Opposition to the Keystone XL Pipeline Tests the Administration’s Resolve on Climate Change : The New Yorker
“In every generation, there’s an overwhelming issue that people may not recognize at the time, but that becomes the issue that is the measure of what you did,” [Tom Steyer] said. “In World War Two, if you look back, everybody was measured by what they said in the thirties and what they did in the forties. Charles Lindbergh was the biggest hero in the United States of America, and he went wrong on the biggest issue of the day, and that was the end of him. Look back to where people came out on civil rights in the fifties and sixties: maybe you were right about economic policy then, but, if you blew it on the big issue, then that’s the measure.” Climate change, Steyer insisted, “is the issue we’ll get measured by as a country and a generation. If we blow this, it will be because we were very focussed on the short term, on our pocketbooks, and we had no broader sense of what we were trying to do and what we were trying to pass on.”
...Steyer’s top policy adviser on climate is Kate Gordon, who previously worked at the Center for American Progress, an influential liberal think tank in Washington. After the summer of 2010, she said, the environmental movement, which had been unusually united in support of Obama’s climate bill, fractured. “Everything crashed and burned, and immediately all those groups retreated to their corners,” Gordon said.

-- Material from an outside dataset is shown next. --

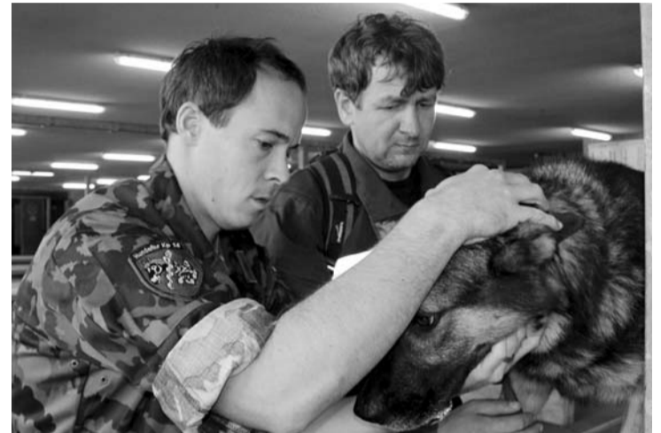
Pes Moris ťažko ochorel akurát na súťaži...

bruž z OR PZ Rožňava so SP Hykom Polícia – Slovakia 59. miesto (pričom bol vyhodnotený ako druhý najlepší pes v disciplíne poslušnosti a ovládateľnosti. Morisa ošetril miestny vojenský veterinárny lekár, ktorý mu po aplikovaní príslušných injekcií odporučil „pokoj na lôžku“, takže sa v celkovom hodnotení ocitol na 15. mieste. Aj táto disciplína bola divácky veľmi príťažlivá. Služobné psy vyhľadávali zavalené a zasypané osoby v malom mestečku (špeciálne postavenom pre výcvik švajčiarskej ar-

...Accounts of Obama’s private views about his second-term climate agenda suggest that he sees the E.P.A. rules as his real legacy on the issue, and that he’s skeptical of the environmentalists’ claims about Keystone. “He thinks the greenhouse-gas numbers have been inflated by opponents,” Ambassador Doer said. Journalists who discussed the issue with Obama earlier this year in off-the-record sessions said that he told them the same thing.
1 comment:
I think it's a measure of this President that he is 'skeptical' but doesn't say so. This trait of playing to the gallery was evident to me from the moment he transitioned from being an outlier candidate to a serious contender for office. Those of us who had worked to promote him, because we believed that here was an articulate man of principle, began to be dismayed at these signs of backing away from radical policies in case they upset potential backers. We feared that once again, America could be the hands of a trimmer instead of someone who would make the changes necessary to put the country right. We were right. He's a trimmer all right.